### PROBLEM TO SOLVE
Working from the data below, write out exactly the lines from its first through the line that contains "[홍콩명품.Christian Louboutin] 크리스챤루부탱", both ends included and pictures omitted.

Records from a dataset

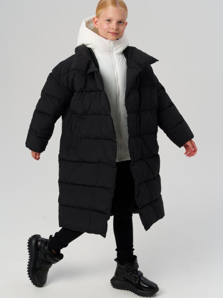 Функциональные боковые карманы надёжно хранят нужные мелочи, а капюшон с регулировкой защищает голову от ветра и осадков. Такое стильное школьное пальто для подростков станет удобной базой для зимнего гардероба — практичное, современное и тёплое.
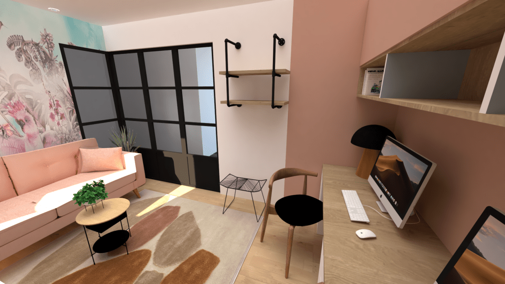 Agencement et décoration de plusieurs pièces d’une maison neuve, en construction : bureau/chambre d’amis, séjour, cuisine.
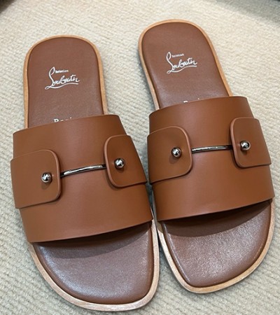 [홍콩명품.Christian Louboutin] 크리스챤루부탱 25SS 로고 레더 가죽 샌들 슬리퍼 (브라운), SE4897, S2, 명품스니커즈,운동화,구두,로퍼,하이탑,신발 > 신발
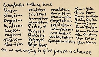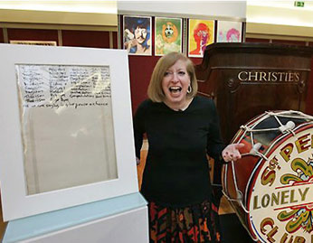 Lennon's 'Give Peace a Chance' Lyrics To Be Sold When John Lennon gave Gail Renard the scribbled lyrics to "Give Peace a Chance" in 1969, he told the teen to hold on to the piece of paper. Valuable: The Give Peace A Chance Lyrics by John Lennon could sell for £300,000 "It will be worth something someday," predicted Lennon, who was in the midst of his famous eight-day "bed-in" with his new wife, Yoko Ono, in Montreal. She did, and it is. Christie's plans to auction the lyric sheet in July as the centerpiece in its rock and pop memorabilia sale. The words to the enduring peace anthem are expected to fetch more than $400,000. The lyrics will go on public view July 5 in London and will be auctioned July 10. They will also be available for viewing by appointment in New York on May 7-10. "I think the interest is there because this is certainly one of the most recognizable and influential of John Lennon's solo compositions," said Helen Hall, head of the popular culture department at Christie's South Kensington. "It's important not just as one of Lennon's most famous peace anthems, it's also the fact that it was written at such a historical event." Few believe the lyric is an example of great songwriting. The Beatles had moved beyond their cute moptop phase and their psychedelic infatuation, but were close to breaking apart as Lennon, heavily influenced by Ono, became a utopian peace activist. Determined to focus world attention on the war in Vietnam, the newlyweds moved into suite 1742 at the Queen Elizabeth Hotel and invited the world's media to come interview them. Renard, a teenage fan who sneaked past security guards, was among the first to arrive. She befriended Lennon, helped look after Ono's young daughter, Kyoto, and made copies of the song Lennon wrote during the "bed-in" so their friends could read the lyrics and record it in the room. Star struck: Gail Renard was given the lyrics by Lennon in Montreal Renard, now a British-based TV writer and presenter, developed a lifelong friendship with Lennon, who helped launch her journalism career by placing an article she wrote about the bed-in in the Beatles Monthly magazine. She is also selling some rare photographs of herself with Lennon and Ono. The actual recording of "Give Peace a Chance" took about five minutes. It became a worldwide hit after it was touched up in the studio. A number of famous guests, including Timothy Leary, Allen Ginsberg and Tommy Smothers, sang on the record, which went to No. 14 on the Billboard charts. It was released as a song by the Plastic Ono Band, signaling Lennon's growing disenchantment with the Beatles, particularly longtime songwriting partner Paul McCartney. The song is a simple, casual affair recorded without any of the Beatles' typically high level of musicianship and artistry, but the phrase "Give Peace a Chance" has entered the popular lexicon, surviving long after Lennon's death in 1980. Hall said it ranks with "Imagine" as one of Lennon's most popular songs. She said the prices paid for Beatles' lyrics continue to rise as a new generation discovers the works of Lennon and McCartney. "It's interesting to see the reach The Beatles have," she said. "We're seeing a lot of buyers in their 30s and 40s who didn't grow up listening to them." Original handwritten lyrics to one of John Lennon's best known songs sold in London Thursday for $841,000. The price outstripped auction house Christie's estimate of up to $600,000. July 10: Writer Gail Renard in front of the handwritten lyrics for the song "Give Peace A Chance" by John Lennon that was sold in a Christie's auction in London. The words the former Beatle wrote to his anti-war anthem Give Peace a Chance were auctioned by a woman who snuck into his Montreal hotel room in 1969 when she was just a teenager. John Lennon and Yoko Ono were in town staging their "bed-in" for world peace when Gail Renard and her friend managed to sneak past hotel security. "And suddenly … we were in the room with John Lennon. And that was quite a moment. Not for him but for me," Renard told CBC News. Renard ended up spending eight days with the couple, running errands and taking care of Ono's young daughter. She was there when Lennon penned Give Peace a Chance, a song that would become a rallying cry in the anti-Vietnam War fervour of the time. Lennon gave Renard his lyrics on a large cue card for a singalong. "He kept on saying, 'These things are going to be worth something someday. Have them,' " she said. Renard, now a U.K.-based TV writer and presenter, told CBC News that Lennon negotiated with her mother, to get permission for her to stay with him and Ono. "I had to ring my mother," she recalled. "She ended up speaking to John. You wouldn't want to cross my mother a tough little lady." The lyrics were sold as part of an auction of rock memorabilia that included pants worn by Jimi Hendrix and dozens of photos of the bed-in for peace taken by Renard. The auction fell on the day chosen by the city of Liverpool as Beatles Day. The Beatles's home town celebrated their achievements Thursday on the 44th anniversary of their triumphant homecoming after conquering the United States in 1964. |
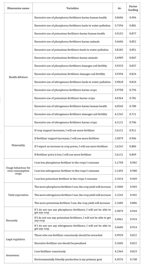 Table 3. Factor dimensions determining farmers’ attitudes towards fertilizer use.
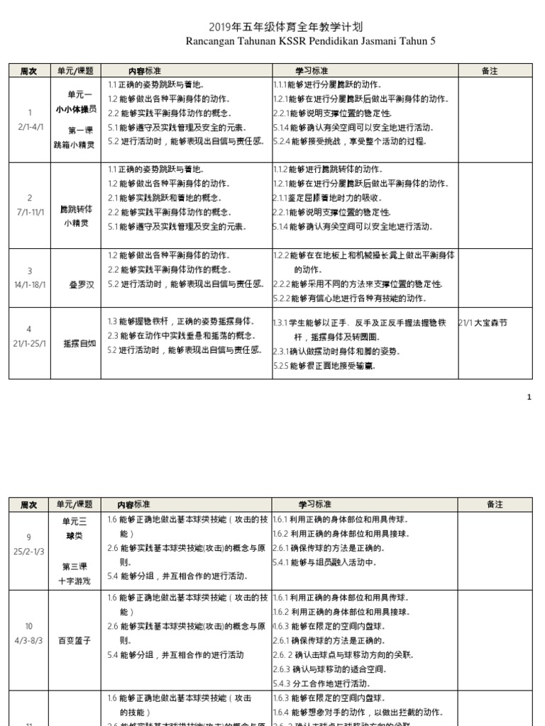 2019年五年级体育全年教学计划rancangan Tahunan Kssr Pendidikan Jasmani Tahun 5
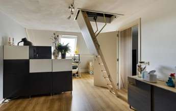 En dan zijn we er nog niet! We hebben in deze woning dus een begane grond, een éérste- en tweede verdieping, maar ook nog een derde! Via een vlizotrap bereik je nog een zolderruimte met een nokhoogte van ca. 2,20m.
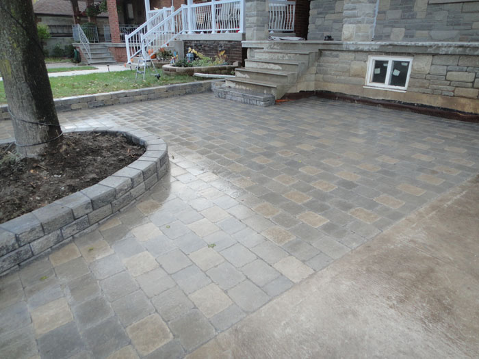 Concrete pavers can make our outdoor living spaces functional, beautiful and enjoyable. With new modern products, we can make any area relaxing. New lines of pavers come with many different shapes, sizes and colours. They can be incorporated almost in endless ways to achieve whatever you can imagine. Some of the products look so natural that you can't say if it is natural or man -made. With a personal touch, your backyard can become your favourite place to spend time with family and friends. If you are not sure what exactly you want to do, we will give you options and alternatives to help you find what suits you the best both financially and ecstatically. Some of the works we do with pavers are: patios, sidewalks, driveways, retaining walls, flower boxes, steps... Please look at someof our pavers and landscaping applcations below.

### TASK ANSWER
 Функциональные боковые карманы надёжно хранят нужные мелочи, а капюшон с регулировкой защищает голову от ветра и осадков. Такое стильное школьное пальто для подростков станет удобной базой для зимнего гардероба — практичное, современное и тёплое.
 Agencement et décoration de plusieurs pièces d’une maison neuve, en construction : bureau/chambre d’amis, séjour, cuisine.
 [홍콩명품.Christian Louboutin] 크리스챤루부탱 25SS 로고 레더 가죽 샌들 슬리퍼 (브라운), SE4897, S2, 명품스니커즈,운동화,구두,로퍼,하이탑,신발 > 신발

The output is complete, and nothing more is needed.